> _Exercise_
Omit all pictures. Print the remaining lines exactly, from the start of the data through the line containing "2022年12月13日 12".

> _The input_
........

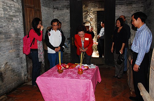 在外侨局副局长戴健松和乡亲门的陪同下,赵谭美生和丈夫赵国荣回到了古井霞路村五福里。在该村的十二巷,她们终于找到了自己的祖屋。踏进屋里,赵谭美生和丈夫赵国荣格外激动,逐一看过每一个房间,并用着不太熟练的家乡话向乡亲们讲述父辈和自己的经历。接着,她们还在祖屋里祭祖,圆了魂牵梦绕的寻根心愿。
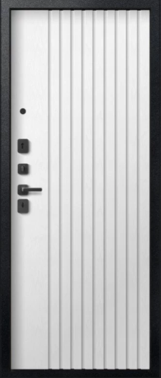 Надежная входная Дверь V-15 Черный муар + Бетон темный - Софт ясень белый премиум класса по цене 44 867 руб. Большая толщина стали защитит от проникновения в ваш дом, квартиру или коттедж. Используется очень качественная фурнитура: замки, цилиндры, ручки, защелки. Покрытие и отделка двери изготовлено под внимательным контролем производителя. Дверь имеет долгий срок службы и гарантию.
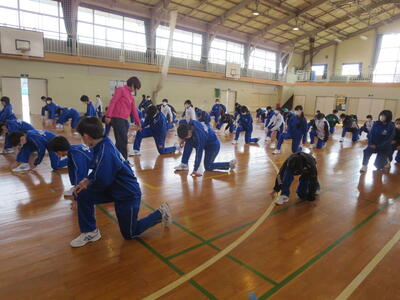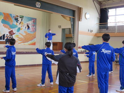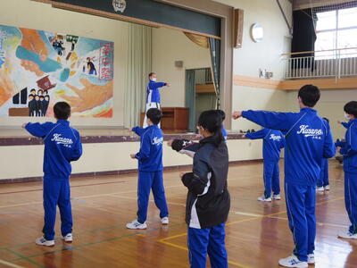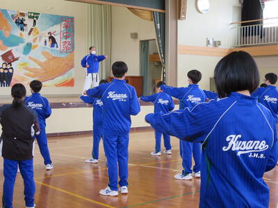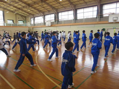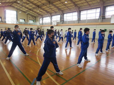 2022年12月13日 12時42分12月13日(火)、1年生の武道「空手」の授業は3時間目。いよいよ基本の型の練習に入りました。
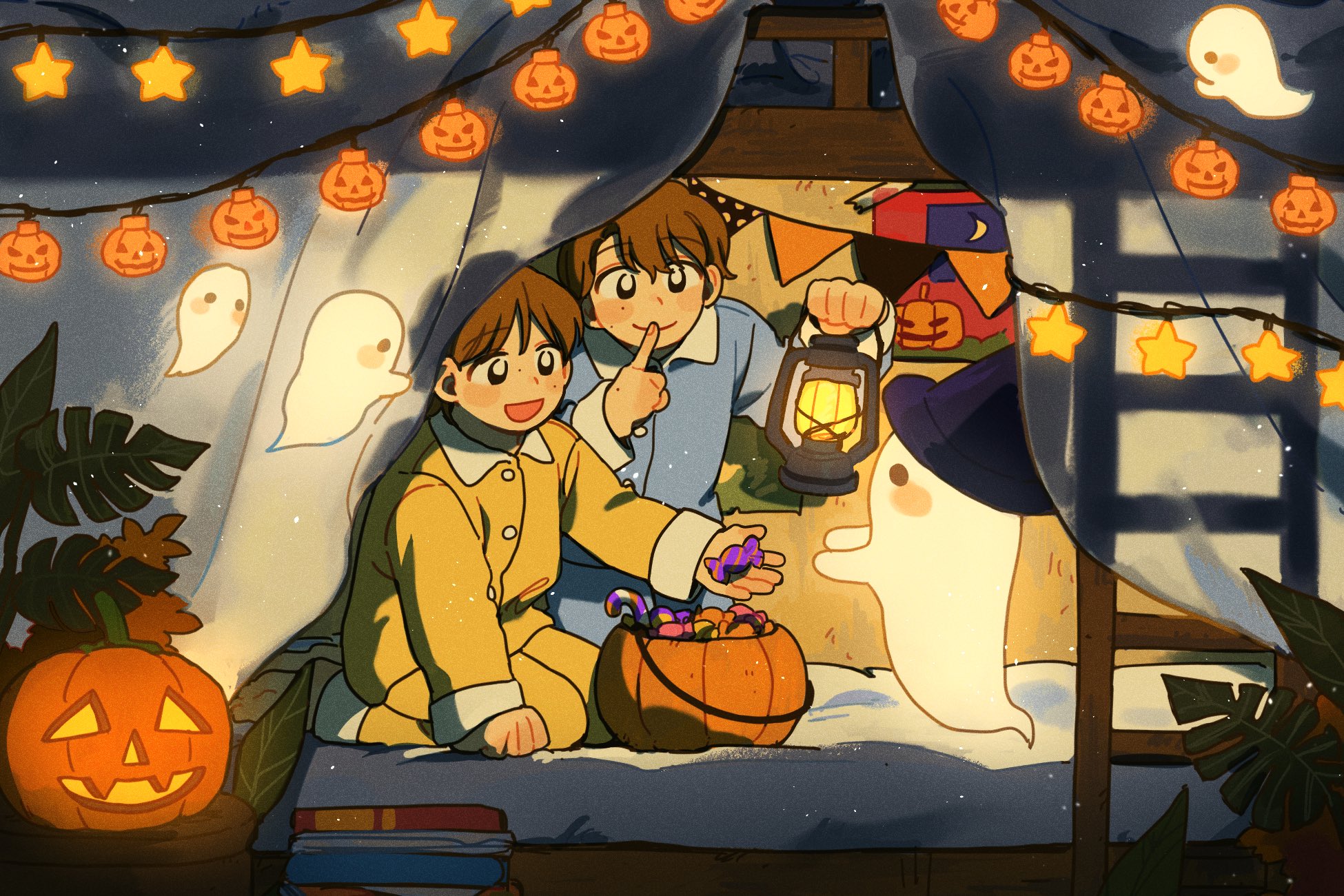 1boy1girlbasketbedblack eyesblue pajamasblue pantsbrown hairbunk bedcandycollared pajamasfoodghosthalloweenholdingholding candyholding foodholding lanternindex finger raisedladderlanternlong sleeveson bedpajamaspantsseizashort hairsittingyellow pajamasyellow pants
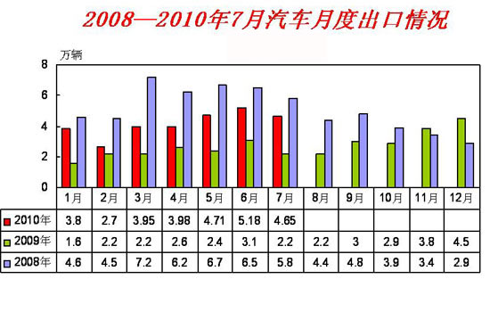 刚刚出炉的中国汽车工业协会统计的汽车整车企业出口数据显示,2010年7月,汽车企业出口4.65万辆,比上月回落10.33%,但比上年同期增长1.07倍。1-7月,出口28.89万辆,比上年同期增长75.33%。
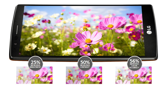 مدیران و طراحان و حالا طرفداران LG به نمایشگر جدید خود در G4 میبالند. 20 درصد افزایش رنج نمایش طیف رنگ ها، 25 درصد روشنایی بیش تر و 50 درصد افزایش شفافیت در مقایسه با G3 با همان مقدار مصرف انرژی چیزی است که در نمایشگر جدید LG به آن دست یافته است. همانطور که میدانید هنوز نمایشگری تولید نشده تا بتواند طیف کامل رنگهای قابل مشاهده برای انسان را نمایش دهد. اما از این میان شاید برای شما جالب باشد بدانید که نمایشگر جدید LG طیف رنگهای وسیعتری را تحت پوشش قرار میدهد. این نمایشگر 98 درصد از رنگهای استاندارد DCI (طرح سینمای دیجیتال) به خصوص در طیف رنگهای آبی و قرمز را میتواند نمایش دهد، اما هنوز قادر به نمایش کامل طیفهای رنگ سبز نیست. این نمایشگر رنج دقیقتری از رنگ های قرمز را میتواند نشان دهد، اینها همان رنگ هایی هستند که چشم انسان به دیدن تنوع بیشتری از آنها عادت کرده و عملا نمایش آنها برای اولین بار در صفحههای گوشی های هوشمند یک موفقیت بزرگ است. این پنل همانند پنلهای OLED میتواند عمق بیشتری از رنگها را در گیرند و رنگها را زندهتر نمایش دهد و این در حالی است که انرژی کمتری نسبت به پنل های OLED مصرف میکنند.
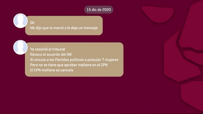 Pablo: Ok, me dijo que le marcó y le dejó un mensaje. Ya resolvió el Tribunal, revocó el acuerdo del INE. Sí vincula a los partidos políticos a postular 7 mujeres, pero no se tiene que aportar mañana en el CPN. El CNP mañana se cancela.
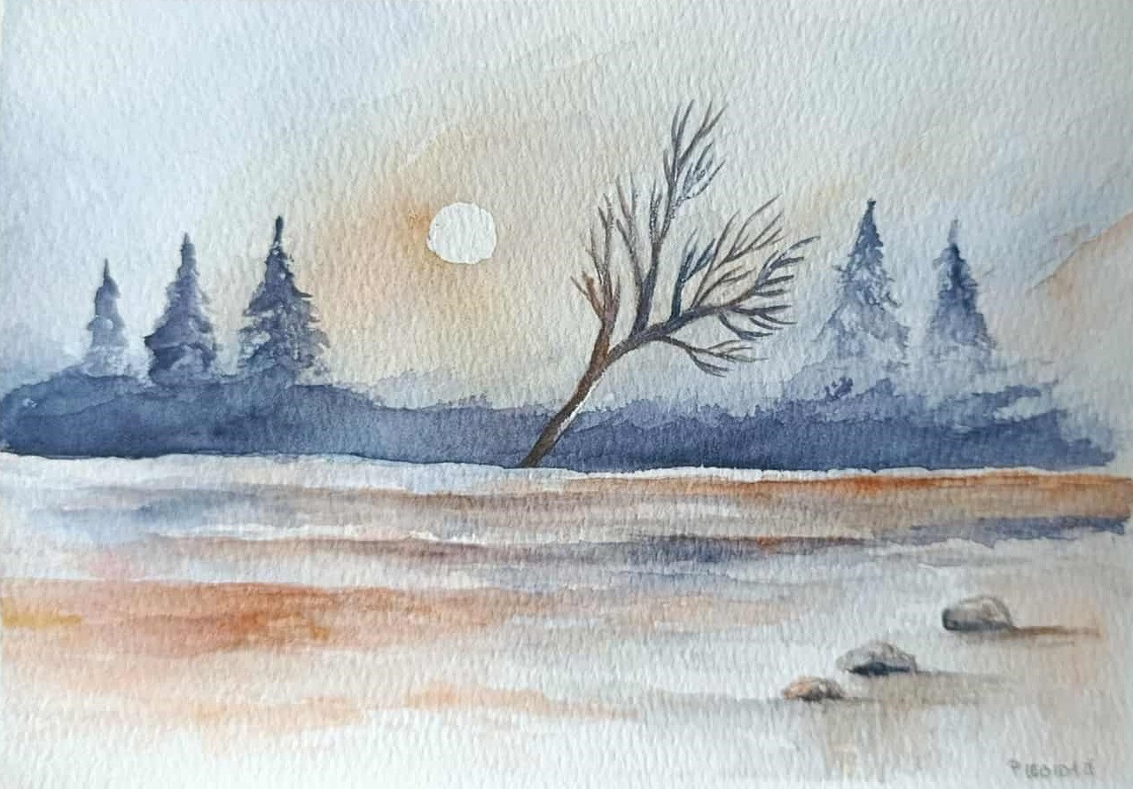 Pejzaż zimowy -obraz akwarela(proj.: Paulina Lebida)
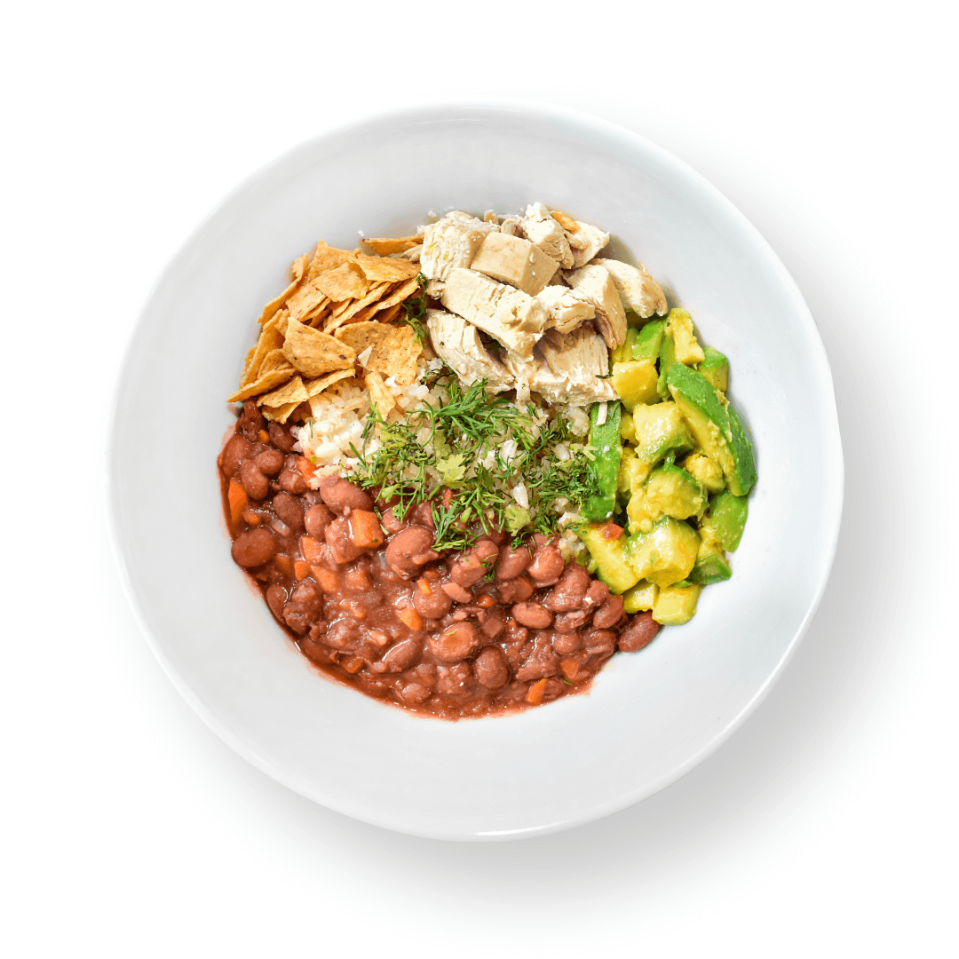 Pollo con arroz integral, frijoles chilli, aguacate, cilantro y chips crocantes de maíz, picante.
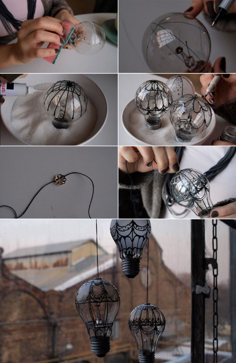 Мечтаете да пътувате през новата година? Намекнете за това на главния новогодишен магьосник, като направите балон от крушката! Основата му ще служи като кошница за пътници, а стъклената част може лесно да се изрисува с маркери или бои, да се украси с мъниста, кристали или пайети.

........

> _Exercise solution_
 在外侨局副局长戴健松和乡亲门的陪同下,赵谭美生和丈夫赵国荣回到了古井霞路村五福里。在该村的十二巷,她们终于找到了自己的祖屋。踏进屋里,赵谭美生和丈夫赵国荣格外激动,逐一看过每一个房间,并用着不太熟练的家乡话向乡亲们讲述父辈和自己的经历。接着,她们还在祖屋里祭祖,圆了魂牵梦绕的寻根心愿。
 Надежная входная Дверь V-15 Черный муар + Бетон темный - Софт ясень белый премиум класса по цене 44 867 руб. Большая толщина стали защитит от проникновения в ваш дом, квартиру или коттедж. Используется очень качественная фурнитура: замки, цилиндры, ручки, защелки. Покрытие и отделка двери изготовлено под внимательным контролем производителя. Дверь имеет долгий срок службы и гарантию.
 2022年12月13日 12時42分12月13日(火)、1年生の武道「空手」の授業は3時間目。いよいよ基本の型の練習に入りました。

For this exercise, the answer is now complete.